Lens Young Homsi, Associated Press
BEIRUT — Western-backed opposition fighters and a faction of al-Qaida-linked rebels turned their guns on each other Saturday in Syria's largest city, battling for control of a key checkpoint in the latest eruption of infighting among the forces trying to topple President Bashar Assad's regime, activists said.
The clashes between rebels affiliated with the Free Syrian Army and fighters from the Islamic State of Iraq and the Levant throws a spotlight on the growing phenomenon rebel-on-rebel violence that has sapped strength from the broader anti-Assad movement. It also underscores the rebels' enduring inability more than two years into the conflict to unite around a unified command, as well as the deepening rift between more secular opposition fighters and Islamic extremists in the rebel ranks.

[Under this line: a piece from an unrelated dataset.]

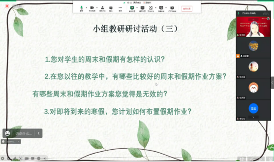 接下来,小组成员每个人就寒假作业设计和本校作业现状说了一下自己的感想,每个地方对作业的设计都有自身不同特点且非常用心,对作业的落实和反馈也要求非常严格。

The Britain-based Syrian Observatory for Human Rights said Saturday's clashes were focused on the strategic checkpoint in Aleppo's Bustan al-Qasr district that serves as the sole gateway between rebel-held eastern districts and the government-controlled areas in the west. Earlier this week, al-Qaida-linked militants seized the checkpoint and closed it for several days, cutting the flow of food supplies to the rebel-held quarters of the city. That spurred protests by residents suffering from food shortages at the start of the Muslim Holy month of Ramadan.
The Observatory said the fighting rattled the neighborhood throughout the morning, but subsided by the afternoon as the al-Qaida-linked rebels pulled out of the area. It was not clear which group was in control of the checkpoint, where residents were staging a protest to vent their anger at soaring food prices. The area also witnessed clashes between rebels and government troops.
One of the most troubling outbursts of infighting among opposition fighters took place Friday, when the FSA said one of its commanders, Kamal Hamami, was shot dead by al-Qaida militants in the Jabal al-Turkoman mountain area in the coastal province of Latakia. Hamami, known as Abu Basir, served in the Supreme Military Council of the Free Syrian Army, a group headed by a secular-minded moderate that has the support of Western powers.
Activists monitoring Syria's more than 2-year-old conflict have previously reported sporadic infighting among rebel groups over control of the territory they've captured in the north along the border with Turkey. Those clashes were mostly between Kurdish and Arab rebels, and have subsided since a ceasefire agreement was reached earlier this year.
The fighting between moderate and jihadi groups that have for months battled Assad's regime together have become more frequent in recent weeks. The clashes have largely focused on border crossings with Turkey and vital installations, like bakeries, water wells, petrol stations and checkpoints in the north, according to the Observatory.
Another activist said the fighting is aimed at establishing control over the flow of food and aid to the residents. Each group is also trying to set up governing structures over the territory in the north the opposition has controlled for a year and take a cut of money from goods being smuggled into Syria over the border with Turkey.
The activists did not want to be quoted by name for fear of reprisal from both groups.
Militant Islamic groups, including those with links to al-Qaida, have been the most effective fighting force on the opposition side in the past year, spearheading many of the attacks that captured military bases, towns and villages and whole neighborhoods in Aleppo. In late February, Islamic battalions led the assault and conquered the eastern city of Raqqa, making it the first Syrian city to entirely fall under rebel control. Moderate factions are now fighting jihadi groups for a say in running of Raqqa.